Thursday, 28 June 2012

Microsoft Connected Car Platform envision car with Kinect, Windows 8, Win Phone, TellMe and more


Microsoft’s Channel9 Project Detroit car modification created a
1967 Ford Mustang Fastback outfitted with the latest in Microsoft technology.
The Microsoft Connected Car team is dreaming big for the future of automotive technology assistance.
In a recent job posting, the team teased an outline of their plans to leverage the full suite of current and upcoming Microsoft products and technologies to create a compelling automotive platform that sounds like the gizmo-car from the Knight Rider.
We, the Microsoft Connected Car team, have a strong track record and an extensive customer base in the automotive industry. In the past fourteen years, we delivered various iterations of our Windows Embedded Automotive platform to the automotive suppliers of major auto brands such as Honda, Nissan, BMW, Mercedes-Benz, Aston Martin, and McLaren. We also partnered directly with select automakers to create integrated Telematics products such as Fiat Blue&MeFord SYNC, and Kia UVO. Featuring cutting-edge communications, travel information, entertainment, and accessory control via voice and touch interfaces, these products have been highly successful, increasing the automakers’ US sales of by up to 35% and telematics adoption up to 70%.

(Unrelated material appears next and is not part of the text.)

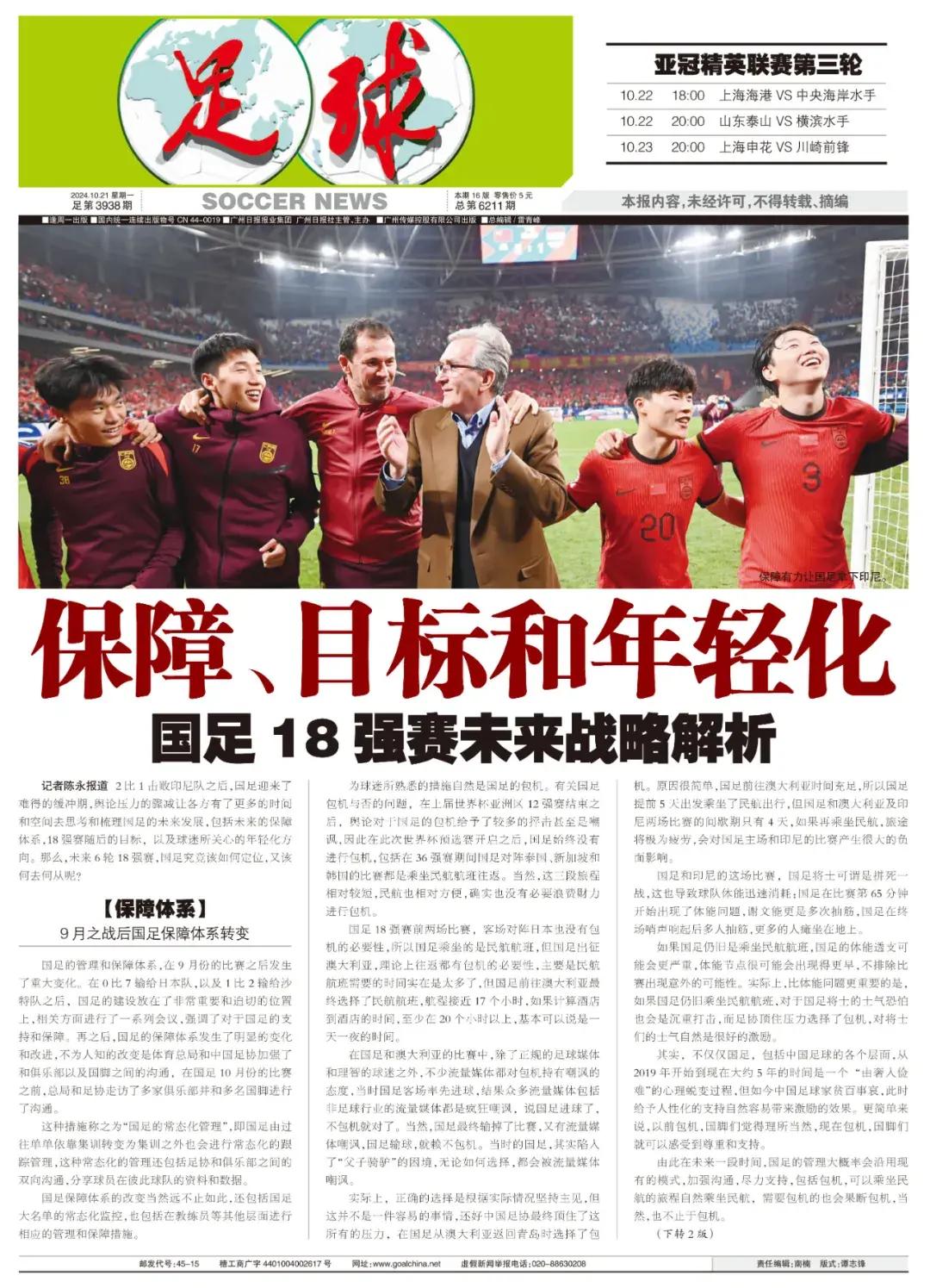 國足保障體系的改變當然遠不止如此,還包括國足大名單的常態化監控,也包括在教練員等其他層面進行相應的管理和保障措施。

Yet our ambitions do not end there. For the next generation of the Connected Car Platform, we plan to leverage the full power of the Microsoft ecosystem including Kinect, Windows 8, Windows Phone, Windows Live, Bing, Azure, and Tellme. The combination of rich local sensing, user identification, cloud access, and data mining will transform tomorrow’s cars from passive objects into intelligent assistants for both the driver and their passengers. The new Connected Car will know its riders, and will interact with them naturally via speech, gestures, and face tracking. It will learn their habits, and offer personalized contextual information and driving assists to get them to their destination as quickly and safely as possible. Through a growing catalogue of applications, it will inform and entertain them, and keep them connected with the people and information they care about. The possibilities are endless.
With those goals in mind, perhaps the Connected Car team should have a talk with the Channel9 team who in March of this year showed off the final result of Project Detroit, an experiment to outfit a 1967 Ford Mustang Fastback with a suite of technologies.
In a matter of months they modified the car to include a Windows Phone remote lock/start app, built-in WiFi hotspot, digital instrument cluster, passenger heads-up-display, Ford Sync, Kinect backseat entertainment, Kinect front & back sensors, cloud analytics of car statistics and a customizable rear windshield message display.
Too bad that car is one of a kind, but hopefully the Microsoft Connected Car team can help make it a reality, or at least an expensive factory-installed option.